> _Exercise details_: Below are some records. Return exactly the lines from the one with "America 250th Patriotic" to the one with "Salon de jardin", and nothing else.

> _The input_:
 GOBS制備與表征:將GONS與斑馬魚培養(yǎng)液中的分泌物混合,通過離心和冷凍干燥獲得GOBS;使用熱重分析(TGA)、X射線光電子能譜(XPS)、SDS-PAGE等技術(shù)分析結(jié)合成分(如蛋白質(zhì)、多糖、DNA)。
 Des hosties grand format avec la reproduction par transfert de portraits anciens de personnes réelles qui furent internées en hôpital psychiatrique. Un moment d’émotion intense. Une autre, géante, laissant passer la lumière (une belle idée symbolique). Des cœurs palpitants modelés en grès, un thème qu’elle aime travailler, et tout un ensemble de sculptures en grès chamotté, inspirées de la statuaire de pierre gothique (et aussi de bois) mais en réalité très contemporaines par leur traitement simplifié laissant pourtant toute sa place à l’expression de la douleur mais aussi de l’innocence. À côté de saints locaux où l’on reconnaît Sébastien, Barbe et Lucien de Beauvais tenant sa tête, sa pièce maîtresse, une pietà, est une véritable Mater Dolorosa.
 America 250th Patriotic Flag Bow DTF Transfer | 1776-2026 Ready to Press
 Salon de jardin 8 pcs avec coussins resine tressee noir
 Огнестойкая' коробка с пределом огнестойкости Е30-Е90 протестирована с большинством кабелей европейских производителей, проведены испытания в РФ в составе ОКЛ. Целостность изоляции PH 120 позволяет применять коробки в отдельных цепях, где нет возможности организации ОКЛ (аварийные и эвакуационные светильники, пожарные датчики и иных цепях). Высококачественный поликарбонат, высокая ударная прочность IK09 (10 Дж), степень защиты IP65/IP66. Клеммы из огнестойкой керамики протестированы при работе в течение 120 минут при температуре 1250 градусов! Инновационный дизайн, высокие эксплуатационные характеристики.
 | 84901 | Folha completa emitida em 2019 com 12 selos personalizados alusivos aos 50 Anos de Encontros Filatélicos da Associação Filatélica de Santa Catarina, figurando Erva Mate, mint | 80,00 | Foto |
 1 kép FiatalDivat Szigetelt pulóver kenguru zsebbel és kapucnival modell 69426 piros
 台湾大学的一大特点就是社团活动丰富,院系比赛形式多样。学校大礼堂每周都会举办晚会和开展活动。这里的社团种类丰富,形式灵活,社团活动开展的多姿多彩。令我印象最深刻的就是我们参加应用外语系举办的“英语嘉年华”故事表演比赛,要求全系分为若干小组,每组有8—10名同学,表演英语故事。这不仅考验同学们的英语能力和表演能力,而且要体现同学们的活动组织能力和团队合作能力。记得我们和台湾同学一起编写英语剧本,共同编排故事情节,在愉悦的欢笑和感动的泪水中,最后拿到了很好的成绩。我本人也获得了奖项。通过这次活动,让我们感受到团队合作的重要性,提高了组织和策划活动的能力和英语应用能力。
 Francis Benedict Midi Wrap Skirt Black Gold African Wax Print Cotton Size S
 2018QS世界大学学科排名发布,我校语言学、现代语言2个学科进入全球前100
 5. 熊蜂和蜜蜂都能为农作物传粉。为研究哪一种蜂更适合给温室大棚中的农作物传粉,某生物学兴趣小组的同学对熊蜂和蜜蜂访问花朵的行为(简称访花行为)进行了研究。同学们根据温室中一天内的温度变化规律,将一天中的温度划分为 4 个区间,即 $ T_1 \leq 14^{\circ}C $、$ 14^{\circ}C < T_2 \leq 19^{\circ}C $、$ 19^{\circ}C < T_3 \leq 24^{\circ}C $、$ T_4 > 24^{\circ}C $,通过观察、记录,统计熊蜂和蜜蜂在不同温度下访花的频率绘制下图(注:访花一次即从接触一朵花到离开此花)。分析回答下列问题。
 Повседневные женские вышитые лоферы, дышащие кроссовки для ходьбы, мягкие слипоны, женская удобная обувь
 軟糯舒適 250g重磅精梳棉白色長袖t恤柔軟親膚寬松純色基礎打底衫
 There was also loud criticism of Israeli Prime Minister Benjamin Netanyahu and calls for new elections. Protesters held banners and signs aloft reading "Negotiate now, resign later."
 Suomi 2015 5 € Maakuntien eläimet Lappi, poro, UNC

> _Answer section_:
 America 250th Patriotic Flag Bow DTF Transfer | 1776-2026 Ready to Press
 Salon de jardin 8 pcs avec coussins resine tressee noir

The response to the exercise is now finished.